Each Christmas, I always hear disappointment about how our culture has taken “Christ” out of “Christmas.” People bemoan how the politically correct greeting “Happy Holidays!” has overshadowed shouting “Merry Christmas!” We no longer buy “Christmas trees,” but instead purchase “Holiday trees.” We send “Holiday cards” in place of “Christmas cards.” So we must reclaim Christ in Christmas, right?
Well, before we drag our family, friends, and neighbors to watch the movie Kirk Cameron’s Saving Christmas, I would like to propose another idea. Actually, it’s not my idea, but I like it.
Rodney Clapp, a Christian author and editor, says that we should “Let the pagans have the holiday.” He writes:
We have worried about Christmas too much. Christians in an indifferent and even hostile society need to learn cultural jujitsu–to sometimes let the culture push at points where it wants to, and there collapse of its own momentum. This is especially important in our cultural situation, where resistance is so easily itself turned into marketable commodity. T-shirts and bumper stickers proclaiming “Jesus Is the Reason for the Season” make the message itself into a consumer item.
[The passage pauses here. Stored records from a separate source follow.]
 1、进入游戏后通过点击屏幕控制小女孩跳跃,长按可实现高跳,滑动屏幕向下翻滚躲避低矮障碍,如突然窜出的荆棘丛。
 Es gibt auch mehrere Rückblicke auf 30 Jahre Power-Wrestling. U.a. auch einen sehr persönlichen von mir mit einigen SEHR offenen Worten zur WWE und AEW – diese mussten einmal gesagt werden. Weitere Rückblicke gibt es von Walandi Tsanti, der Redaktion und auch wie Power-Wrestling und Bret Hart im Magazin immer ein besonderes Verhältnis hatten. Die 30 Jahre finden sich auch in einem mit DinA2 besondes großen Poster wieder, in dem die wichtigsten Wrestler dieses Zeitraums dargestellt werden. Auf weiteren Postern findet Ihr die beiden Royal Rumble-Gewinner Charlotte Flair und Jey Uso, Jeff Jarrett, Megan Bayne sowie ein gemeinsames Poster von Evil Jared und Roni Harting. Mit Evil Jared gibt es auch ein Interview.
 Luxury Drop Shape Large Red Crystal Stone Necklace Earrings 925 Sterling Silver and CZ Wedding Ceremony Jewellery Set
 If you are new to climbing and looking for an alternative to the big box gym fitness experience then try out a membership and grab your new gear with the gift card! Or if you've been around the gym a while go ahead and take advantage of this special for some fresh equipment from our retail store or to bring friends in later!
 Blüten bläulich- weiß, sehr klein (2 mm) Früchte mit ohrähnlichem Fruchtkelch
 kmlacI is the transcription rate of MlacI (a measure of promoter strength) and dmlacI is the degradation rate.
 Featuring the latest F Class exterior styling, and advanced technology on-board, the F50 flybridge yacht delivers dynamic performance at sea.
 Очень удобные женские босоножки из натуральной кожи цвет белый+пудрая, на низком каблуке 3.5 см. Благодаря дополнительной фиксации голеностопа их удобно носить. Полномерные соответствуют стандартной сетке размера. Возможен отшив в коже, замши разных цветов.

Clapp does not suggest that we as Christians stop celebrating Christmas. But he wants us to put Christmas in the proper perspective. For Clapp, it is Easter that should be returned to greater prominence within the Christian calendar. “The Christian calendar,” writes Clapp, “like the gospel narrative, builds toward and pivots around the focal events of Christ’s passion and Easter. Recognizing the liturgical year is a large step toward seeing Easter as the main Christian holiday.”
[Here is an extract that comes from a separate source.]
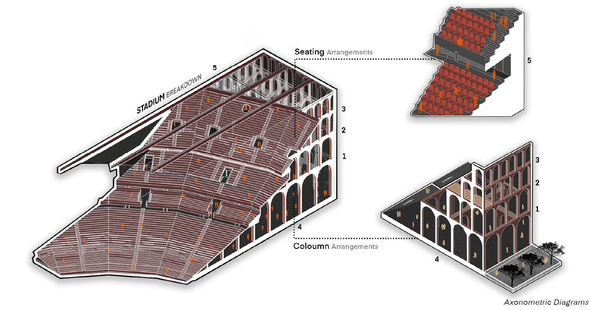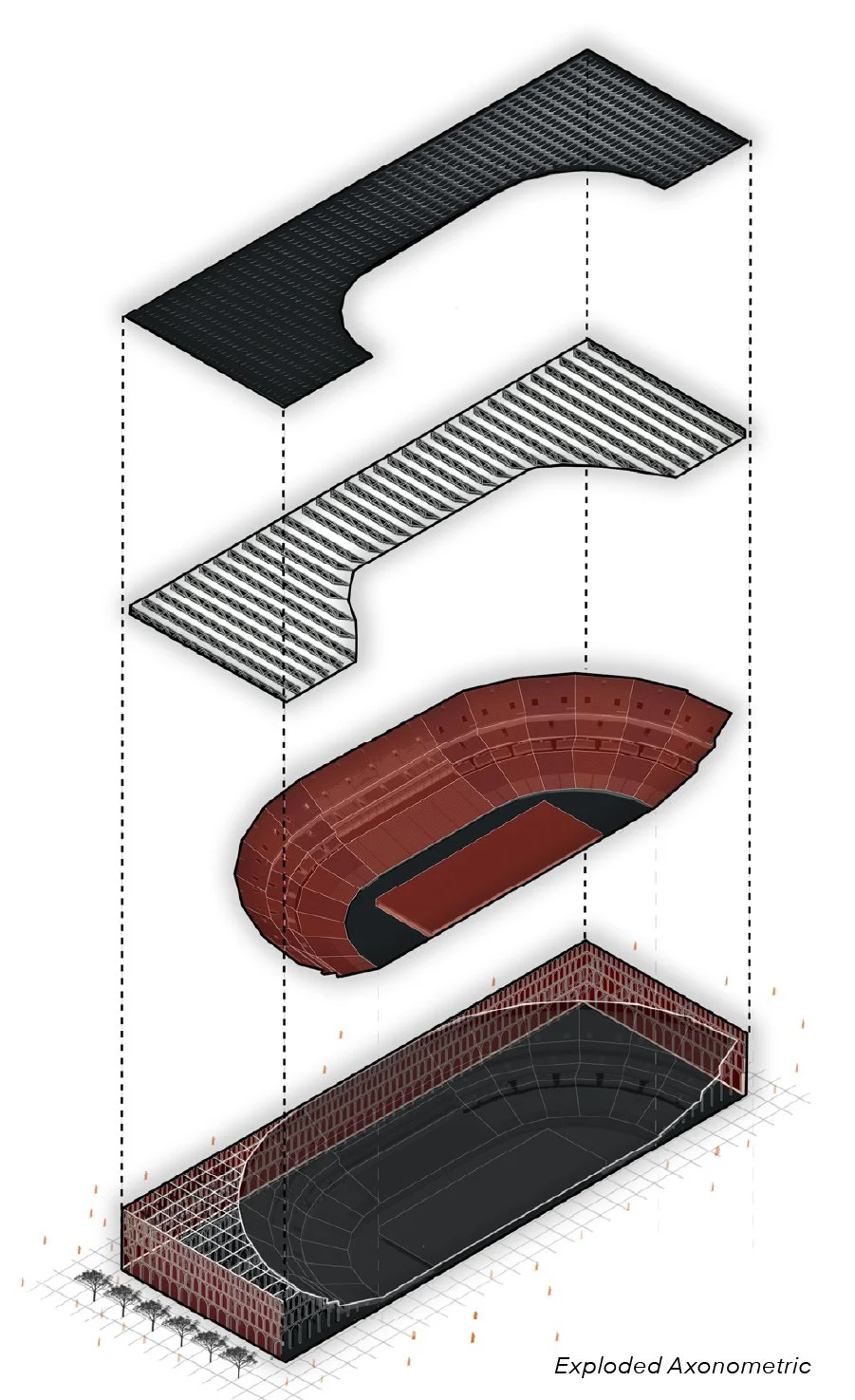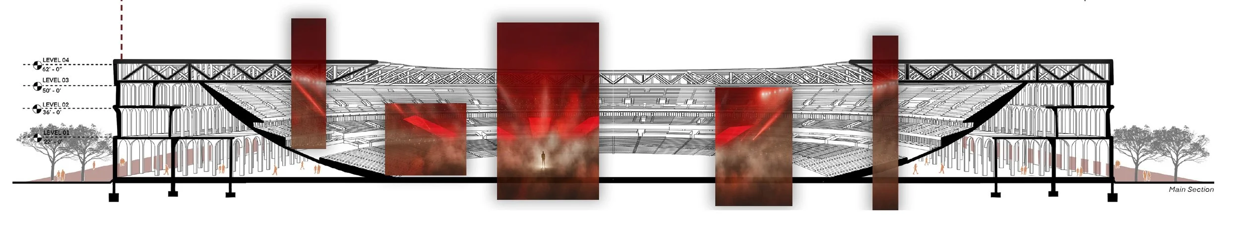 From the open arenas of ancient Greece to the monumental amphitheaters of Rome, stadiums have long embodied the collective human experience. The Colosseum, in particular, became a conceptual reference: its layered arches, civic grandeur, and enduring presence resonating across millennia. Our design reinterprets this legacy in a contemporary architectural language—honoring the past while projecting confidently toward the future.

It is Easter, the cross and resurrection, in which we see ourselves in need of salvation. Though spreading Christmas cheer is a wonderful thing, speaking of the crucified Messiah is another thing altogether. The cross speaks of our need to be rescued and the lengths to which God goes to do so. Our salvation, no doubt, involves the Christmas story. However, we must take heed lest we, though worrying about our culture taking Christ out of Christmas, place the cross on the periphery of the gospel story.
If we are really worried about Christ being taken out of Christmas, the we do well to place Easter at it’s proper locale within the Christian holidays. “It is only as we reclaim Easter”, suggests Clapp, “that Christians may best reclaim Christmas.” Therefore, “let the pagans have Christmas as their most significant holiday. Easter is the central Christian holiday. And when we are known for our Easter, then we will have our Christmas back.”
Sounds like a good idea to me! Have a Merry Christmas and a Happy Easter!